Cronaca
Abuso d’ufficio e falso, ma Valeria Sudano è stata “stralciata” dall’indagine su Sammartino: ecco perché
CATANIA – Non soltanto favori in cambio di voti. Nell’inchiesta su Luca Sammartino, oltre alla corruzione elettorale contestata ai 13 indagati, c’è dell’altro. A Catania, infatti, il fascicolo originario si chiamava “Sammartino + 13”. Chi è il quattordicesimo coinvolto? Dall’informativa della Digos etnea spunta una doppia ipotesi di reato – abuso d’ufficio e falso materiale – attribuita al deputato regionale in concorso con Valeria Sudano, senatrice di Italia Viva. Il fatto risale ad aprile 2015: entrambi erano all’Ars, appena accolti nel gruppo del Pd dopo lo scioglimento di Articolo 4. Sudano «apponeva una firma a nome di Sammartino che nel frattempo si trovava fuori dal territorio nazionale, attestandone falsamente la presenza al solo scopo di garantirgli gli emolumenti del c.d. gettone di presenza in occasione di una riunione della Commissione all’Ars, con la compiacenza di Sammartino». Così la Digos nella relazione dello scorso 22 febbraio.
Eppure, il 7 novembre, il pm Fabio Saponara (titolare dell’indagine con l’aggiunto Agata Santonocito) dispone lo stralcio di Sudano «inserendo nel nuovo fascicolo copia informatica degli atti del procedimento».
Da dove si parte? Come in tutti i reati contestati a Sammartino e agli altri 12, dal contenuto dello smartphone del politico, sequestrato nel corso di una precedente inchiesta (quella sui voti sospetti in una casa di riposo di Sant’Agata li Battiati alle Regionali 2017) in cui la sua posizione è stata archiviata. Una delle migliaia di chat spulciate dagli investigatori è fra i due renziani, che comunicano su WhatsApp.
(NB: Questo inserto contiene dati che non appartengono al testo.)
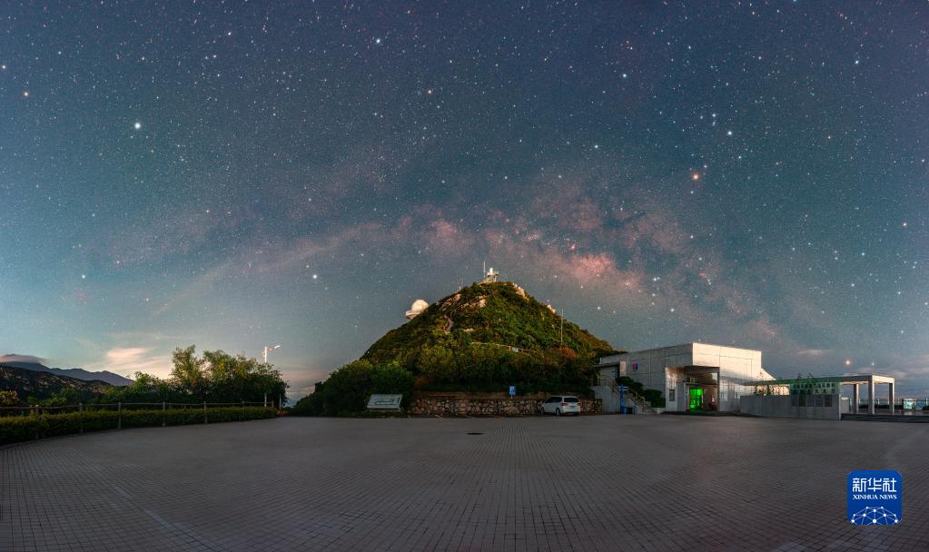 位于西涌社区的深圳市天文台及上空的银河(堆栈照片,2022年6月29日摄)。新华社发(李德铼/摄)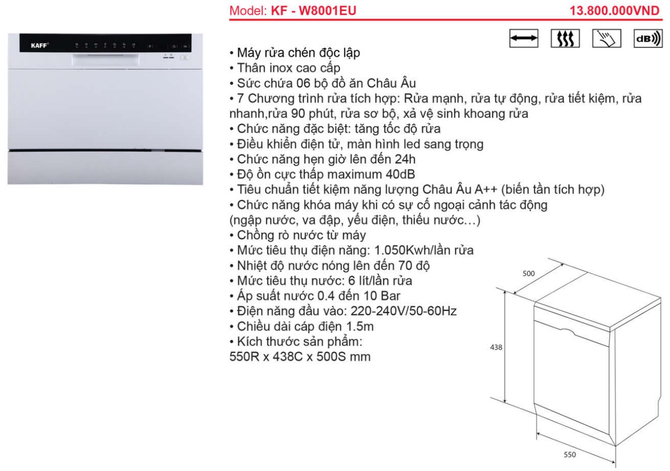Máy rửa bát KAFF KF-W8001EU ( Máy vừa, 6 bộ đồ ăn Châu Âu)

Ed è del 17 aprile 2015.
Sammartino: Dove sei?
Sudano: Ok, ora sono passata in V (commissione dell’Ars, ndr), mangio un panino e ritorno
Sudano: Ho firmato ora x te, così non perdi i soldoni
Sammartino: Mi hai sostituito in comm?
Sudano: Si
Sammartino: Mettetemi in congedo solo quando è necessario
Sammartino: Grazie cara
Sudano: Niente tesoro…
La Digos ricostruisce che in quei giorni Sammartino si trova in Brasile. Oltre agli operativi dei voli, nell’informativa anche alcuni sms inviati dall’indagato a colleghi del Pd. «Non mi hai risp… e io che ti penso dal Brasile… baci», scrive ad Antonello Cracolici; «Saluti dal Brasile… Ti pensavo caro amico mio», il testo del messaggio a Fausto Raciti.
Ma, al di là delle note social di colore, l’indagine si concentra sulla seduta della commissione Cultura, formazione e lavoro (della quale Sammartino diventerà presidente nella legislatura in corso) e sull’ipotesi di falso che «sebbene potrebbe ritenersi di lieve valore, è assai rilevante in relazione alle figure istituzionali che lo hanno realizzato».
La polizia, il 14 agosto scorso, chiede una relazione all’Ars. Che risponde, con una nota a firma del segretario generale Fabrizio Scimè, un mese dopo. Confermando l’assenza di Sammartino, in aula e nelle commissioni, dal 14 al 30 aprile 2015. Ma, regolamento di Palazzo dei Normanni alla mano, smonta di fatto l’accusa. «Indipendentemente dalla presenza o meno dell’on. Sammartino ai lavori d’Aula o delle Commissioni», infatti, non è previsto alcun gettone di presenza. E sulla seduta “incriminata” il deputato «assente, risulta sostituito» dalla collega Sudano, che «ha apposto la propria firma, corredata di apposita annotazione, nel foglio di presenza della seduta». Il tutto nel rispetto «del comma 3 dell’articolo 62 ter del regolamento interno dell’Ars».
Per questo motivo lo stralcio disposto dal pm fa pensare a un’archiviazione di Sudano per le ipotesi di abuso d’ufficio e falso materiale, al netto della possibile trasmissione degli atti a Palermo, sede dell’Ars, per competenza territoriale.
La senatrice renziana viene inoltre citata come beneficiaria finale in cinque degli 11 casi di corruzione elettorale addebitati a Sammartino. Ma non è fra gli indagati per queste ipotesi. E, fino a venerdì scorso, secondo le verifiche de La Sicilia, alla giunta delle elezioni e delle immunità parlamentari di Palazzo Madama non risulta alcuna trasmissione di atti né invio di richieste da parte della Procura di Catania.